Foram anos até que o cônjuge ocupasse uma posição merecida no Direito das Sucessões. Ainda no Código Civil de 1916, o cônjuge não estava entre os herdeiros necessários, sua única vantagem era que o regime de casamento mais popular na época era o da Comunhão Universal de bens, o que garantia a ele a meação sobre os bens do casal.
Quanto aos companheiros, ou seja, aqueles que estavam juntos com a pretensão de constituir família, mas não eram de fato casados, estes só foram ter seus direitos igualados aos do cônjuge com a carta constitucional de 1988, que passou a priorizar a família em si e não apenas o casamento, surgindo a figura da União Estável.
Conforme destaca Barreto (2012, p. 212):
O enfoque da legislação mudou para priorizar a proteção da família e a pessoa dos filhos de forma igualitária em detrimento daquela proteção exacerbada ao casamento e filhos legítimos.
Foi então que só com o Código Civil de 2002 uma evolução no direito sucessório do cônjuge e do companheiro foi vista, quando estes passaram a configurar no rol de herdeiros necessários juntamente com os descendentes e os ascendentes, ou seja, aqueles que tem por garantia ao menos 50% da herança do de cujos.

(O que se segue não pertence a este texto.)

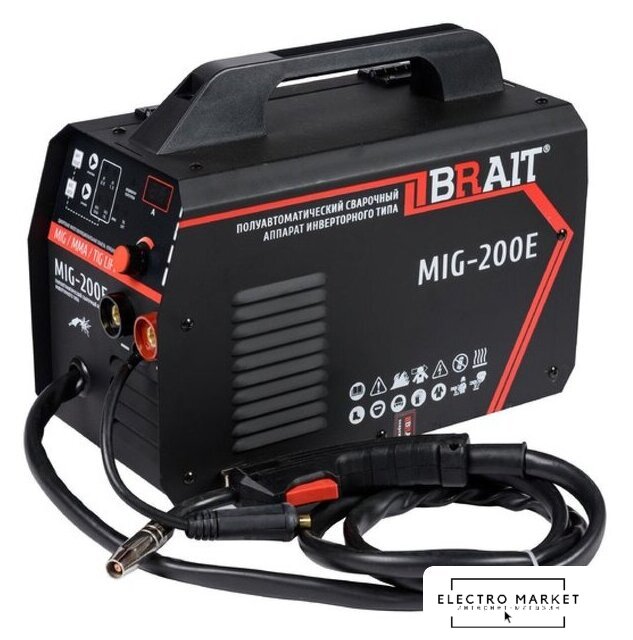 ручная дуговая сварка (MMA), 220 В, сварочный ток: 20–200 А, диаметр электрода: 1.6–4 мм, 3.8 кг

O PL n° 4/2025, no entanto, ameaça acabar com toda essa longa evolução de mais de anos, prevendo que o cônjuge/companheiro não será mais considerado um herdeiro necessário em concorrência com os descendentes e os ascendentes. Nesse modelo proposto o consorte viria apenas em 3° lugar na legítima, portanto, ele só terá direito a herança caso o falecido não possua nem descendentes e nem ascendentes.
CONTEXTO HISTÓRICO DO CÔNJUGE/COMPANHEIRO NO DIREITO SUCESSÓRIO:
No Brasil do século XIX havia uma ausência de normas brasileiras que regessem o direito sucessório, portanto, era aplicada a legislação estrangeira, mais especificamente as Ordenações Filipinas, promulgada em 1603 (conjunto de leis portuguesas). Nesse contexto o cônjuge só seria herdeiro caso não existissem primeiro os descendentes, na falta desses os ascendentes e em caso de não haver nenhum dos dois os herdeiros colaterais até o 10° grau do falecido. Ou seja, em última opção o consorte herdaria algo, o que é muito difícil de ocorrer em casos concretos.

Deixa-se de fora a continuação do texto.